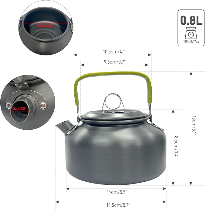- Portable and Lightweight: Only around 0.3 lb, Capacity: 0.8L. Comes with a mesh bag, for easy storage and carrying. Can be used as a camping teapot or coffee pot, for boiling water, tea, coffee, hot drinks and soup. Suitable for indoor and outdoor use, especially for hiking, backpacking, camping, traveling, fishing and picnic.
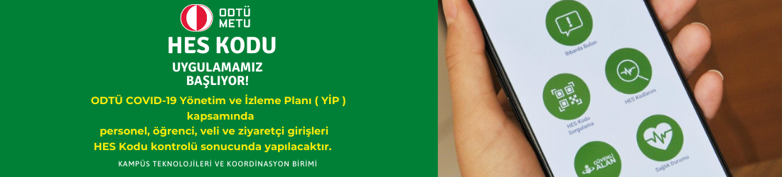 Bölüm ve birimlerimize 20 Eylül 2021 tarihinde dağıtımı yapılan ODTÜ COVID-19 Yönetim ve İzleme Planı (YİP) kapsamında; ODTÜ yerleşkesine gelecek ziyaretçiler için HES Kodu sorgulaması uygulamasına başlanacaktır.
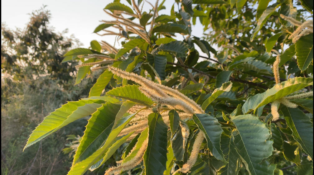 板栗花开之时,夏风吹拂枝头,散发出独有的阵阵花香,令人迷醉乡野。 栗树花开之时,根部已有长满嫩刺的花蒂,花谢后花蒂会慢慢长成浑身是刺的栗蓬。历经三个月的生长,在九月份成熟。 作为江北最大的板栗种植示范园的池上镇素有“板栗之乡”美称。全镇现有板栗种植面积2万余亩,年销售额达8000万元。其种植,主要分布在池上镇七峪、花林、赵庄、三小峰、三郝峪等村,品种以野山栗(油栗)、泰安薄壳、黄棚、燕山早丰等为主。
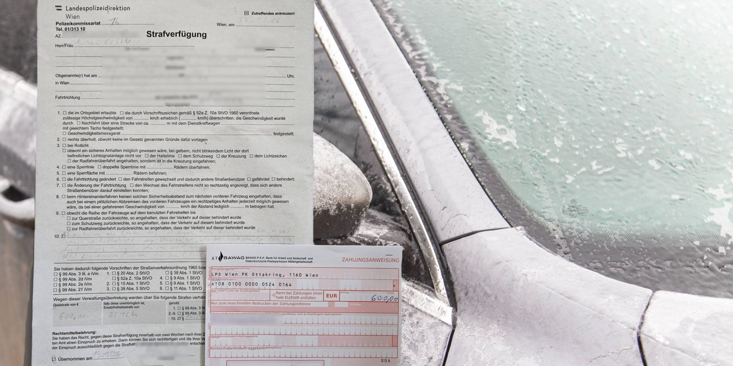Ganz schön teuer kam es einem Türken in Wien, der sein zugefrorenes Auto mit klarer Sicht aus dem Parkplatz steuern wollte. Der Mann ließ den Motor laufen und wartete, bis die Heizung das Eis auf der Windschutzschiebe zerschmolz. Das gefiel der Polizei gar nicht.
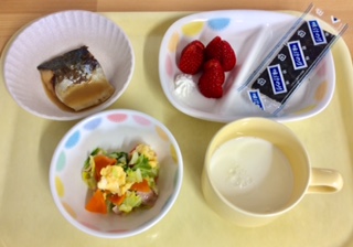 サバのみそ煮・キャベツと卵の炒め物・味付けのり・いちご・牛乳
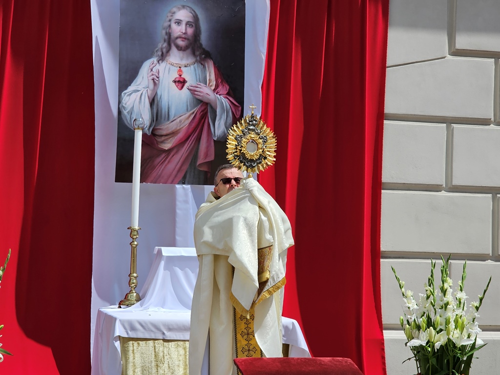 Jako pierwsze postawił pytanie: „Czy wierzę, że Jezus jest prawdziwie obecny w Eucharystii?” – Cały Kościół dzisiaj tę wiarę wyznaje, ale czy ja mogę też powiedzieć, że jestem wewnętrznie przekonany, że w tym małym chlebie jest Jezus, nasz Pan. Dzisiaj chcemy modlić się o głęboką wiarę, że Jezus choć ukryty, lecz prawdziwy jest z nami w Eucharystii – powiedział celebrans.

YOUR TASK - Leave out all pictures and output each line exactly, from the top of the records through the line that holds "Bölüm ve birimlerimize".

THE ANSWER -
- Portable and Lightweight: Only around 0.3 lb, Capacity: 0.8L. Comes with a mesh bag, for easy storage and carrying. Can be used as a camping teapot or coffee pot, for boiling water, tea, coffee, hot drinks and soup. Suitable for indoor and outdoor use, especially for hiking, backpacking, camping, traveling, fishing and picnic.
 Bölüm ve birimlerimize 20 Eylül 2021 tarihinde dağıtımı yapılan ODTÜ COVID-19 Yönetim ve İzleme Planı (YİP) kapsamında; ODTÜ yerleşkesine gelecek ziyaretçiler için HES Kodu sorgulaması uygulamasına başlanacaktır.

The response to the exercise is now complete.